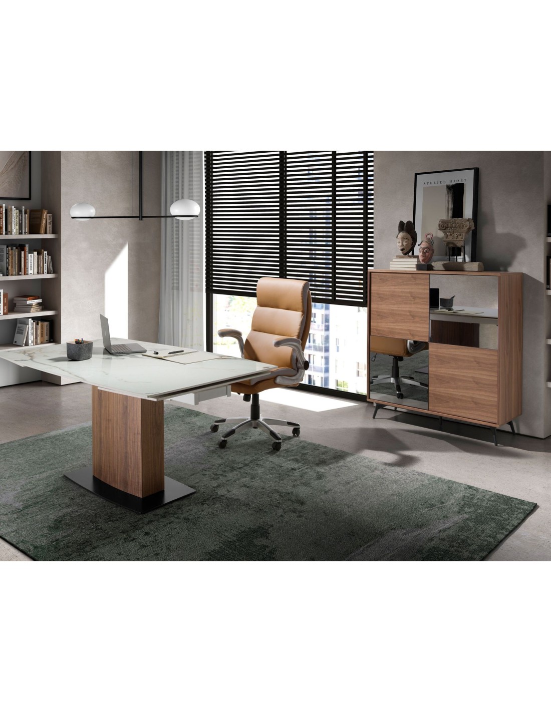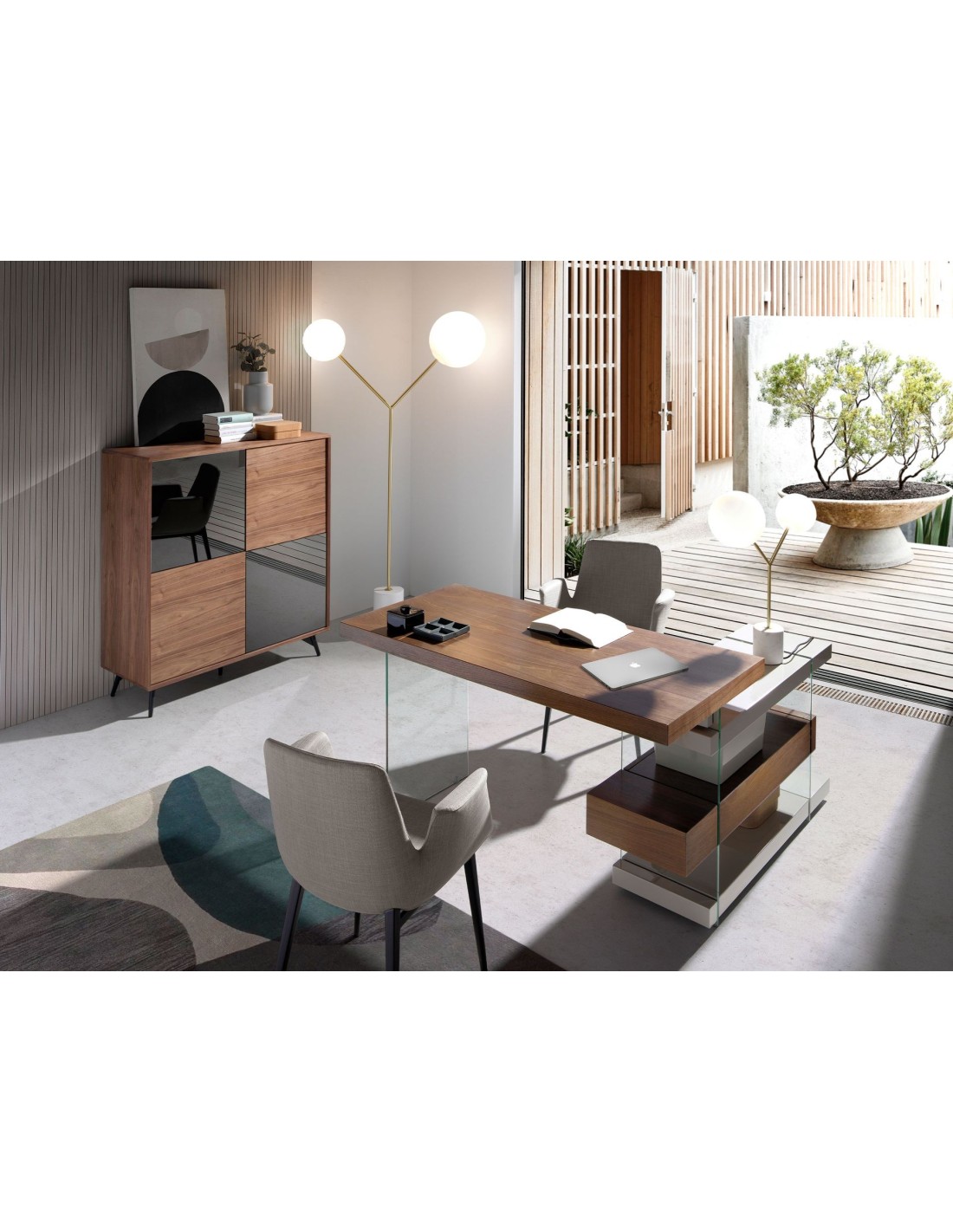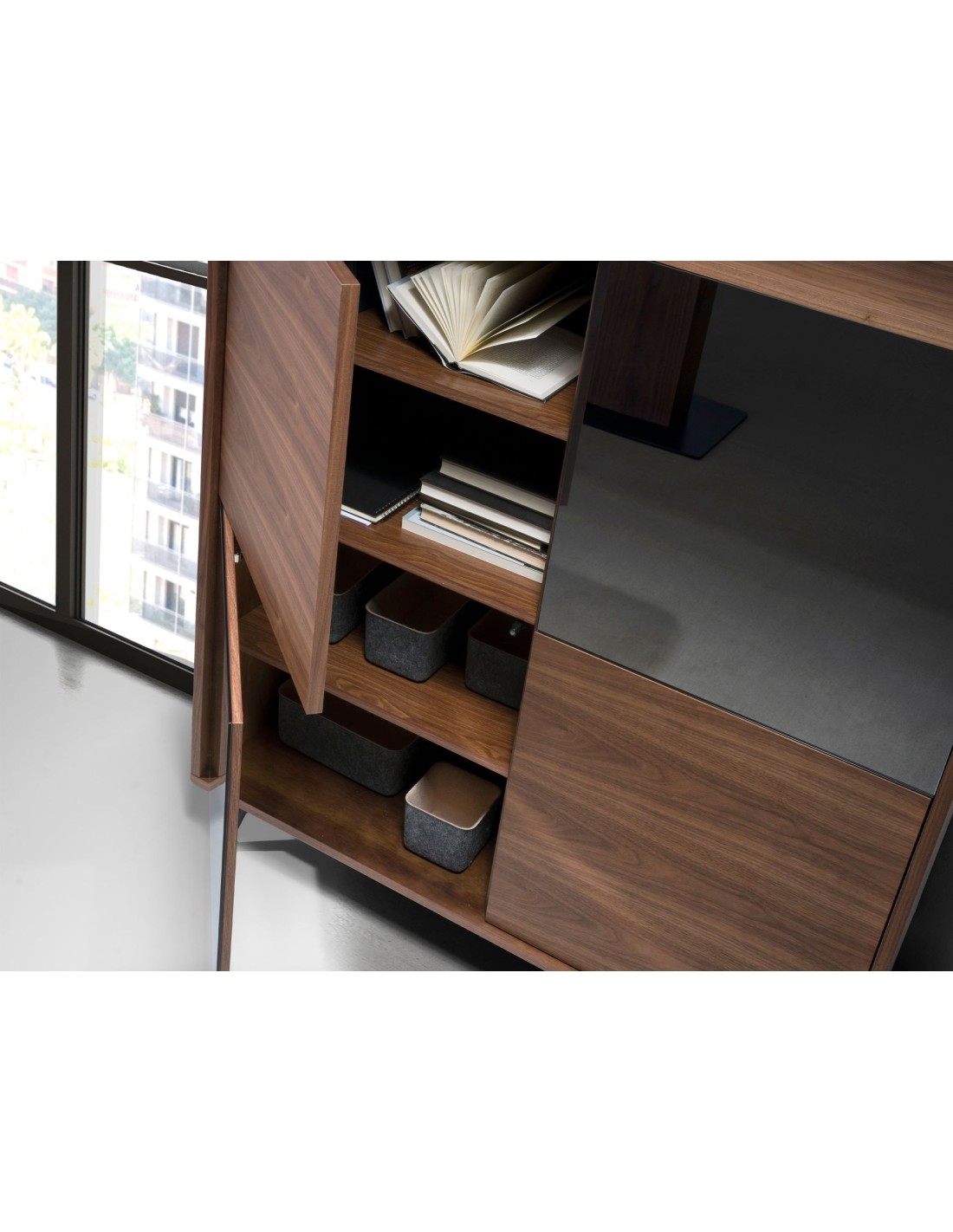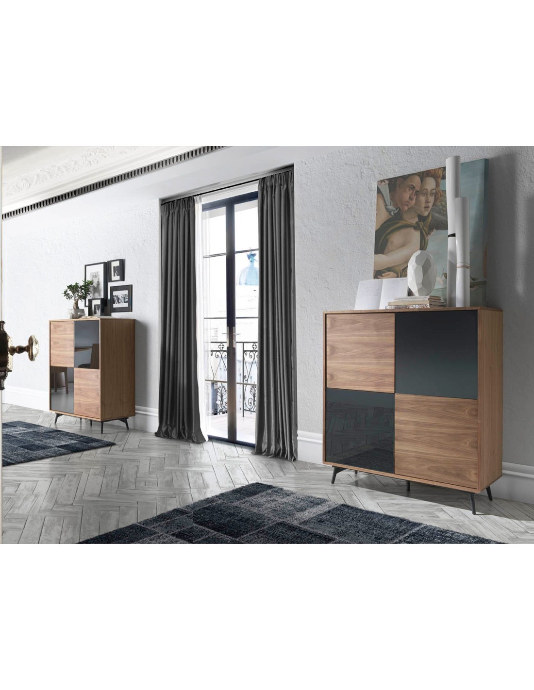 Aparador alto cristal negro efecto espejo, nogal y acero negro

* * *

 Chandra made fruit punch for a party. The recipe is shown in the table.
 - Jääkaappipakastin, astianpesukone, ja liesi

* [WORK INSTRUCTIONS]:
Taking the records above, retype every line from the one with "Chandra made fruit" down to the one with "- Jääkaappipakastin, astianpesukone, ja", exactly and with nothing else.

* [WRITTEN SOLUTION]:
 Chandra made fruit punch for a party. The recipe is shown in the table.
 - Jääkaappipakastin, astianpesukone, ja liesi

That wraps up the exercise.